In recent years the technology sector has been well supported by the government through schemes such as Patent Box, the Seed Enterprise Investment Scheme (SEIS) and tax credits and this Budget continues the trend, as well as attempting to address some of the issues that are seen to be holding back the sector.

There has been a focus on entrepreneurship for a number of years and to a great extent this has been successful, with clusters of early-stage companies growing in many parts of the UK. Particularly pleasing in this Budget was the focus not only on these early-stage companies but also on those who are looking to the next stage of their growth and development.

The Employment Allowance is to be welcomed, helping companies overcome the hurdle of bringing staff onboard at critical points of their development.

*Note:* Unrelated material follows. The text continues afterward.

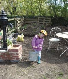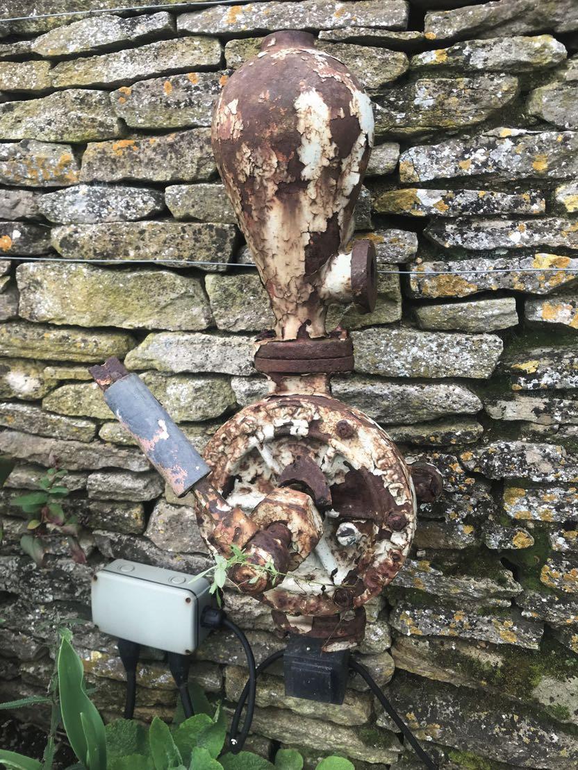 This is a good example of more modern well digging. This new well is in the garden of Westbrook House. It was drilled in December 2020 and the installation completed in April 2021, and it is now used for garden irrigation. It was sunk using simple percussion drilling technique and a cutting tool. The borehole depth drilled is 5.5m and is capped by a manhole cover. The suction tube is inserted into the borehole and connected to an off-set electric pump draws the water to a tank. Irrigation controls control pumping and ensure that the garden is irrigated as and when required and automatically cuts off when rain is detected thus saving electricity and manage the use of water. Rather different to the traditional open wells of days past!

This, along with the many changes and additions to SEIS, Corporation Tax, creative tax reliefs and additional funding, means the UK must now be seen as having one of the most supportive sets of public policy in the world if you are a fast-growing technology business.

It was interesting to note the revised targets for government spending with SMBs. This is to be welcomed, as technology companies in particular need to look not only to the debt and equity markets for funding but also to customers, whether they are in the public or private sector.

The High Growth Segment from the London Stock Exchange, in conjunction with the removal of stamp duty on AIM-listed shares, continues the drive to keep homegrown businesses in the UK as they grow and look for finance.